Substitute $$\gamma = \frac{\pi}{2} - \beta$$:

$$\text{Area} = \frac{169}{2} \left( \pi - \left(\frac{\pi}{2} - \beta\right) \right) - \frac{65}{2} = \frac{169}{2} \left( \pi - \frac{\pi}{2} + \beta \right) - \frac{65}{2}$$

$$= \frac{169}{2} \left( \frac{\pi}{2} + \beta \right) - \frac{65}{2} = \frac{169}{2} \cdot \frac{\pi}{2} + \frac{169}{2} \beta - \frac{65}{2} = \frac{169\pi}{4} + \frac{169}{2} \beta - \frac{65}{2}$$

Since $$\beta = \sin^{-1}\left(\frac{12}{13}\right)$$,

$$\text{Area} = \frac{169\pi}{4} + \frac{169}{2} \sin^{-1}\left(\frac{12}{13}\right) - \frac{65}{2}$$

The given expression is $$\frac{\pi \alpha}{2\beta} - \frac{65}{2} + \frac{\alpha}{\beta} \sin^{-1}\left(\frac{12}{13}\right)$$, where $$\alpha$$ and $$\beta$$ are coprime integers.
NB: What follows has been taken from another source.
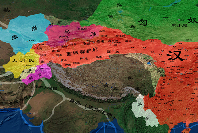 公元前164年,西漢派遣張騫出使西域,開闢了影響深遠的絲綢之路。又經過百餘年的經營,西漢終於在公元前60年設立西域都護府,正式將西域納入中國版圖。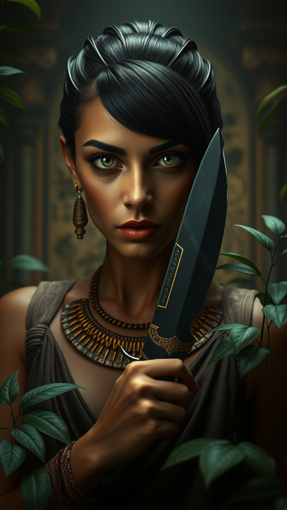 An adult Egyptian woman with striking green eyes and sleek black hair styled in traditional flaps, complemented by dramatic makeup, stands poised. Her upper body faces the viewer, set against an intricate backdrop. Her detailed face reflects the essence of Old Egyptian culture with a unique twist: she embodies the spirit of a feral jungle warrior. In her hand, an obsidian stone knife glints subtly, the scene enriched by encroaching bushes and lurking poisonous plants. The atmosphere exudes a humid, dark, cinematic quality reminiscent of a 1970s film, evoking a mysterious, dimly lit chamber with a tangible tension. High-frequency details capture every nuance as if painted with a brush, while the grainy texture of 35mm film adds an artistic layer. The ambiance is further enhanced by subtle film noise, infusing the artwork with a vintage yet timeless narrative akin to SAI Pixel Art.

Comparing coefficients:

Coefficient of $$\pi$$: $$\frac{\alpha}{2\beta} = \frac{169}{4}$$

Coefficient of $$\sin^{-1}\left(\frac{12}{13}\right)$$: $$\frac{\alpha}{\beta} = \frac{169}{2}$$

Constant term: $$-\frac{65}{2}$$ matches.
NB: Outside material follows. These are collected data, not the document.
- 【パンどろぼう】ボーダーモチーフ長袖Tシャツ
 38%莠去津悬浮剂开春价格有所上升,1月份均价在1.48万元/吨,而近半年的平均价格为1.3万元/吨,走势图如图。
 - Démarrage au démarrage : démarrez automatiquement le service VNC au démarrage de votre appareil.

From $$\frac{\alpha}{\beta} = \frac{169}{2}$$, and $$\frac{\alpha}{2\beta} = \frac{1}{2} \cdot \frac{\alpha}{\beta} = \frac{1}{2} \cdot \frac{169}{2} = \frac{169}{4}$$, which matches the coefficient of $$\pi$$. Thus, $$\frac{\alpha}{\beta} = \frac{169}{2}$$, so $$\alpha = 169$$, $$\beta = 2$$. These are coprime since $$169 = 13^2$$ and $$2$$ have no common factors.

Therefore, $$\alpha + \beta = 169 + 2 = 171$$.